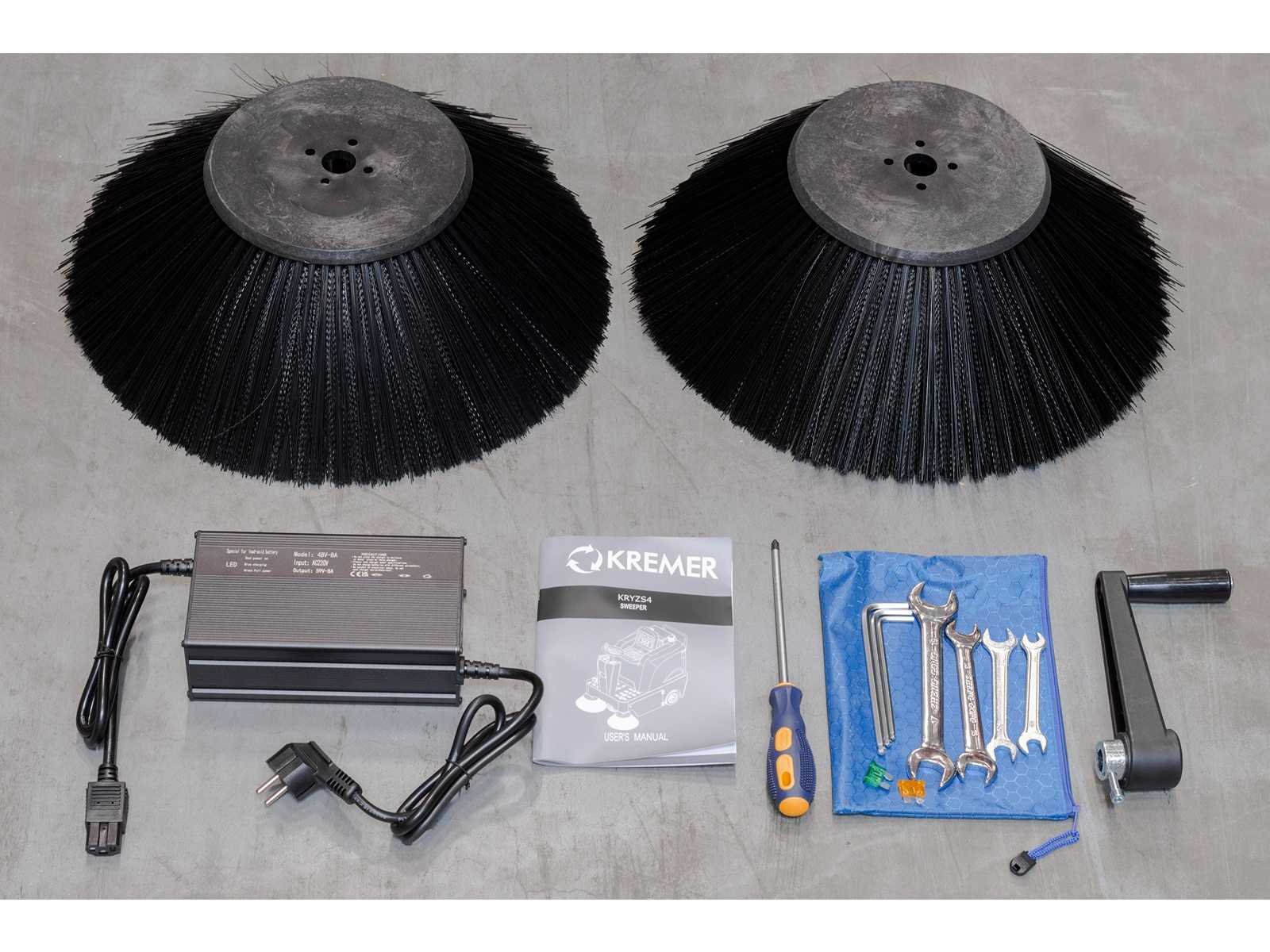 Sweeping width 1250 mm; Side brush width 2*400 mm; Walking motor 700 W; Battery capacity 48 v/ 65 ah * 4 pcs; Total weight 396 kgs; Width of main brush 500 mm; Work efficiency 6380 m2/h; Garbage capacity 80L; Roller brush motor 700W; Walking speed 0-10 Km/h; 80 liter vuilcontainer inhoud; 4782 Merk: Kremer Type: KRYZS4 Bouwjaar: 2025 Elektrisch aangedreven: true Met oplader: true Eigen gewicht: 396kg Werkbreedte: 1250mm Totale afmeting L: 1600mm Totale afmeting Breedte: 1160mm Totale afmeting Hoogte: 1300mm
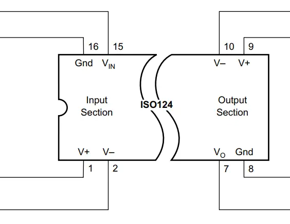 ISO124 یک تقویتکننده ایزوله آنالوگ با بهره واحد (Unity Gain) است که دارای ویژگیهای زیر میباشد:
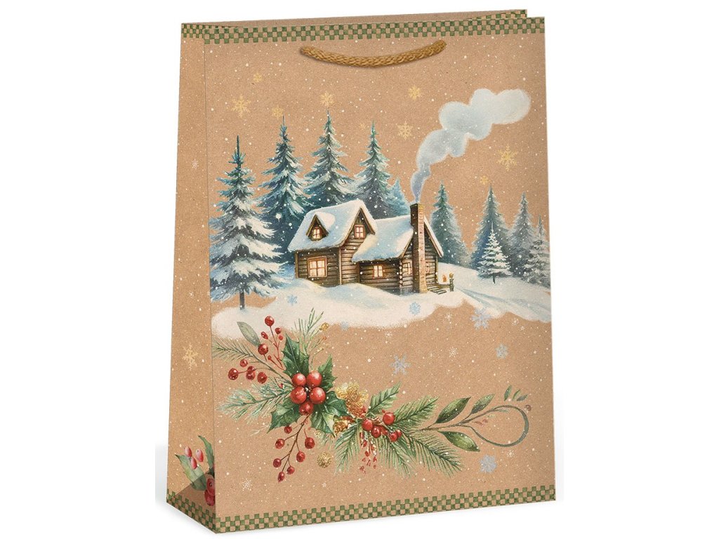 Vánoční papírová dárková taška NATUR s originálním designem.
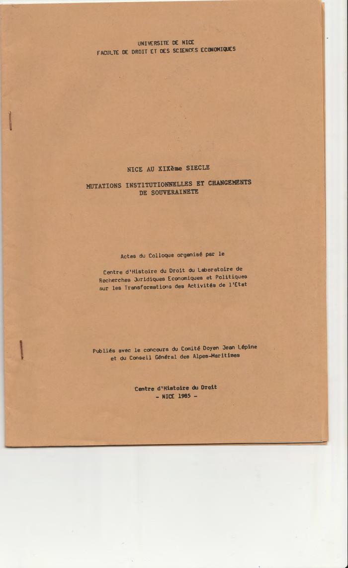 Actes du colloque Nice au XIXè, Mutations institutionnelles et changements de souveraineté organisé par le Centre d’histoire du droit du laboratoire de recherches Juridiques Economiques et politiques sur les transformations des activités de l’Etat
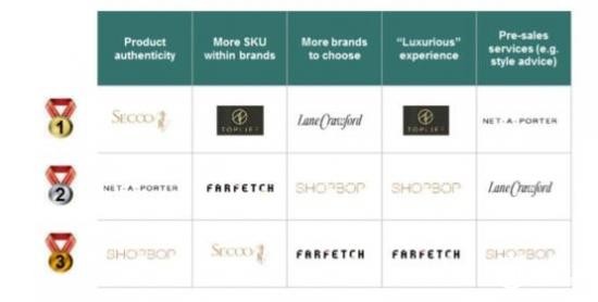 中国奢侈品电商网站寺库(第二名)和京东的奢侈品网站TopLife(第四名)是调查中的两个例外。寺库在“产品真实性”、“总SKU”和“购物便利性”方面表现突出,TopLife在提供单个品牌SKU和“购物便利性”方面表现突出。
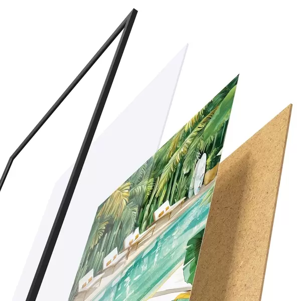 Le poster se compose d'un cadre, d'un plexiglas, d'une image imprimée et d'un support en aggloméré. Le poster peut être immédiatement accroché au mur grâce aux fixations au dos.
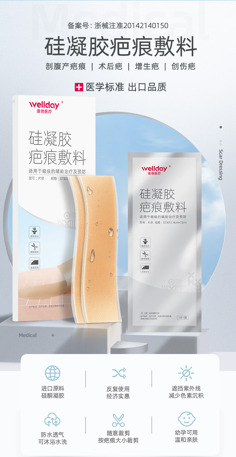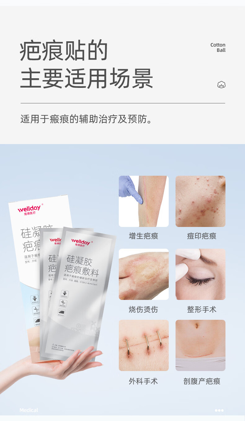 维德(WELLDAY)医用祛疤膏进口原料硅酮凝胶淡疤预防增生剖腹产双眼皮烧烫伤 【医用疤痕凝胶】20g
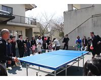 先の“熱戦”の舞台となった卓球台も、校庭の真新しいバスケットゴールも、谷口が贈ったお金で施設が購入されたものだ。

——

__DIRECTIONS FOR THIS TASK__
What you should return is the exact text of every line from the top of the entries through the line with "Vánoční papírová dárková", pictures removed.

__TASK ANSWER__
 Sweeping width 1250 mm; Side brush width 2*400 mm; Walking motor 700 W; Battery capacity 48 v/ 65 ah * 4 pcs; Total weight 396 kgs; Width of main brush 500 mm; Work efficiency 6380 m2/h; Garbage capacity 80L; Roller brush motor 700W; Walking speed 0-10 Km/h; 80 liter vuilcontainer inhoud; 4782 Merk: Kremer Type: KRYZS4 Bouwjaar: 2025 Elektrisch aangedreven: true Met oplader: true Eigen gewicht: 396kg Werkbreedte: 1250mm Totale afmeting L: 1600mm Totale afmeting Breedte: 1160mm Totale afmeting Hoogte: 1300mm
 ISO124 یک تقویتکننده ایزوله آنالوگ با بهره واحد (Unity Gain) است که دارای ویژگیهای زیر میباشد:
 Vánoční papírová dárková taška NATUR s originálním designem.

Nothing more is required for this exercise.